### The data
----------------------------------------
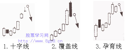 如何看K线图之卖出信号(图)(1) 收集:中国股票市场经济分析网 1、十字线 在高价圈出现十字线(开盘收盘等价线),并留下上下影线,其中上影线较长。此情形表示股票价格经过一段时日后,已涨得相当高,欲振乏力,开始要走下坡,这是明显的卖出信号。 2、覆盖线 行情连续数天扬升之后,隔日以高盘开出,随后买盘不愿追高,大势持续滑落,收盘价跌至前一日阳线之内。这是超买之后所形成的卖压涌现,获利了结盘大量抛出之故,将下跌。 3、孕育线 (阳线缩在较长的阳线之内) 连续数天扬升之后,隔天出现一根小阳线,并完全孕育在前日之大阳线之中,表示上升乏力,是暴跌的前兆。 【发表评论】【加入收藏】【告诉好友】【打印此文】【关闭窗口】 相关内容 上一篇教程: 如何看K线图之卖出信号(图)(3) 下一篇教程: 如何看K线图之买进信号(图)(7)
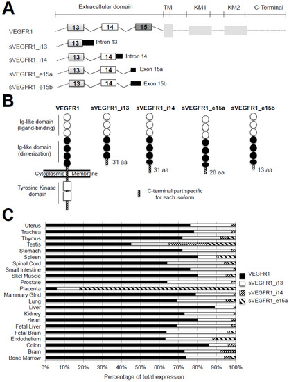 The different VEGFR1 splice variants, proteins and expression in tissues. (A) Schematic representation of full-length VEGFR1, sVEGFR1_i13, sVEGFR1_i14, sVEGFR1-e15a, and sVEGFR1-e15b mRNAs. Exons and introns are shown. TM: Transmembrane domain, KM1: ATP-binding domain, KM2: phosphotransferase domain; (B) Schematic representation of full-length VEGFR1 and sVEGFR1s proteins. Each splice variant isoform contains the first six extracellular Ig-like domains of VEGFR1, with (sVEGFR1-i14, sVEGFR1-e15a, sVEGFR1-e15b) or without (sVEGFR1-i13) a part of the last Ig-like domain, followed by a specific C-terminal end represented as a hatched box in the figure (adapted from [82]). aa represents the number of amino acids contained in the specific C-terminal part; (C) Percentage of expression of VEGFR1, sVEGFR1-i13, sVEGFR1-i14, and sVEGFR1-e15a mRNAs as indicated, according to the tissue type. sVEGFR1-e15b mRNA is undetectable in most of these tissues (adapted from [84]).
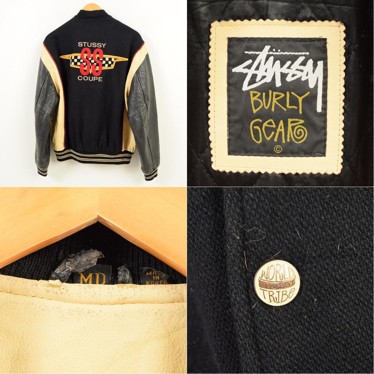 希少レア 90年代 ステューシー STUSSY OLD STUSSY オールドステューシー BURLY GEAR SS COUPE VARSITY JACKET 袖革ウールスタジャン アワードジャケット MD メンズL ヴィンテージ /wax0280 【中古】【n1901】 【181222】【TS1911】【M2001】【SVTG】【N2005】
----------------------------------------
### Instructions to follow
Starting from the line that contains "The different VEGFR1", transcribe exactly each line down to the final line of the material above, excluding every picture and adding nothing else.

### Finished exercise
 The different VEGFR1 splice variants, proteins and expression in tissues. (A) Schematic representation of full-length VEGFR1, sVEGFR1_i13, sVEGFR1_i14, sVEGFR1-e15a, and sVEGFR1-e15b mRNAs. Exons and introns are shown. TM: Transmembrane domain, KM1: ATP-binding domain, KM2: phosphotransferase domain; (B) Schematic representation of full-length VEGFR1 and sVEGFR1s proteins. Each splice variant isoform contains the first six extracellular Ig-like domains of VEGFR1, with (sVEGFR1-i14, sVEGFR1-e15a, sVEGFR1-e15b) or without (sVEGFR1-i13) a part of the last Ig-like domain, followed by a specific C-terminal end represented as a hatched box in the figure (adapted from [82]). aa represents the number of amino acids contained in the specific C-terminal part; (C) Percentage of expression of VEGFR1, sVEGFR1-i13, sVEGFR1-i14, and sVEGFR1-e15a mRNAs as indicated, according to the tissue type. sVEGFR1-e15b mRNA is undetectable in most of these tissues (adapted from [84]).
 希少レア 90年代 ステューシー STUSSY OLD STUSSY オールドステューシー BURLY GEAR SS COUPE VARSITY JACKET 袖革ウールスタジャン アワードジャケット MD メンズL ヴィンテージ /wax0280 【中古】【n1901】 【181222】【TS1911】【M2001】【SVTG】【N2005】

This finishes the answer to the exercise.